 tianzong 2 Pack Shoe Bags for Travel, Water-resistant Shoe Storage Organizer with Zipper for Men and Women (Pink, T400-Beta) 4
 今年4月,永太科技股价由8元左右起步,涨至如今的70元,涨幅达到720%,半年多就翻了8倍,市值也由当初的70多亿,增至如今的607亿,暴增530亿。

__________

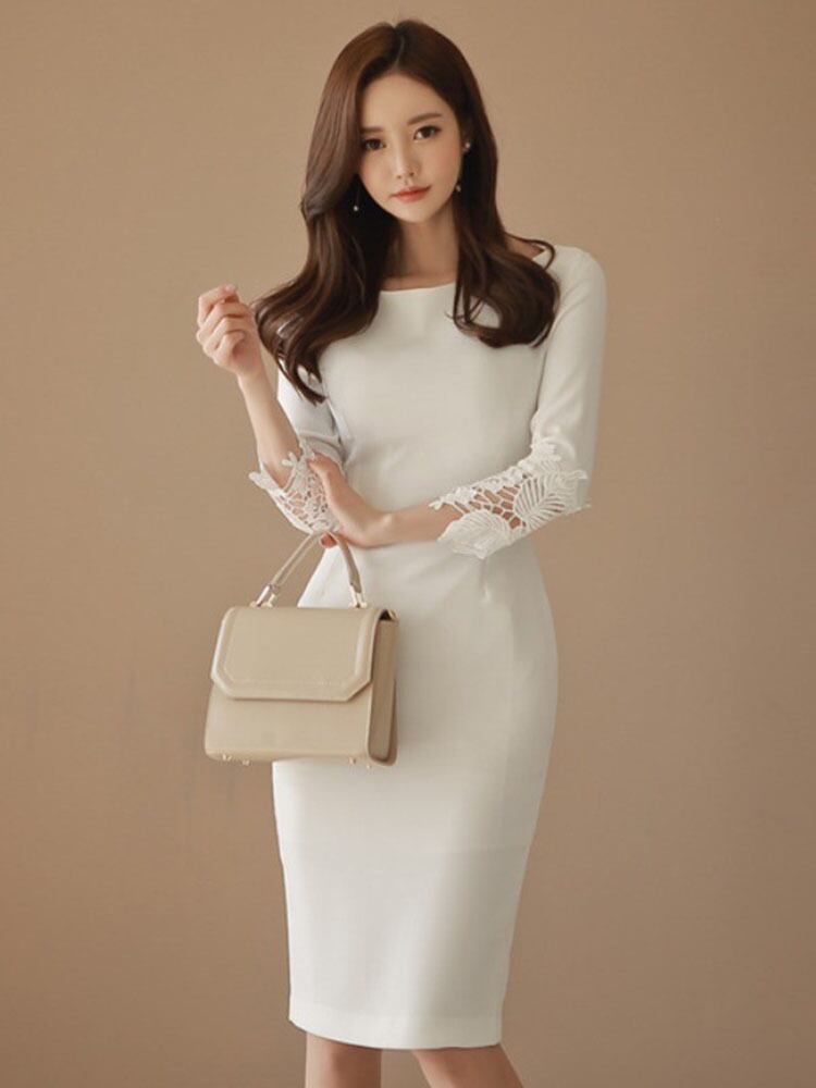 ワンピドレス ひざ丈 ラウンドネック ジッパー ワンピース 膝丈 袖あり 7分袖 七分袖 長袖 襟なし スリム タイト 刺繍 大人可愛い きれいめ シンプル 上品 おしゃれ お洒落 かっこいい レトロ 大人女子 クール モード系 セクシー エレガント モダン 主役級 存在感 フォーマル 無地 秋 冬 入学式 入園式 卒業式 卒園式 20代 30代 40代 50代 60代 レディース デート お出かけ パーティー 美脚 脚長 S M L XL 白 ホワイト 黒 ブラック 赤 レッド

__________

- _Work instruction_
The required answer is the exact run of lines above starting at the line with "tianzong 2 Pack" and ending at the line with "今年4月,永太科技股价由8元", with both ends present.

- _Task response_
 tianzong 2 Pack Shoe Bags for Travel, Water-resistant Shoe Storage Organizer with Zipper for Men and Women (Pink, T400-Beta) 4
 今年4月,永太科技股价由8元左右起步,涨至如今的70元,涨幅达到720%,半年多就翻了8倍,市值也由当初的70多亿,增至如今的607亿,暴增530亿。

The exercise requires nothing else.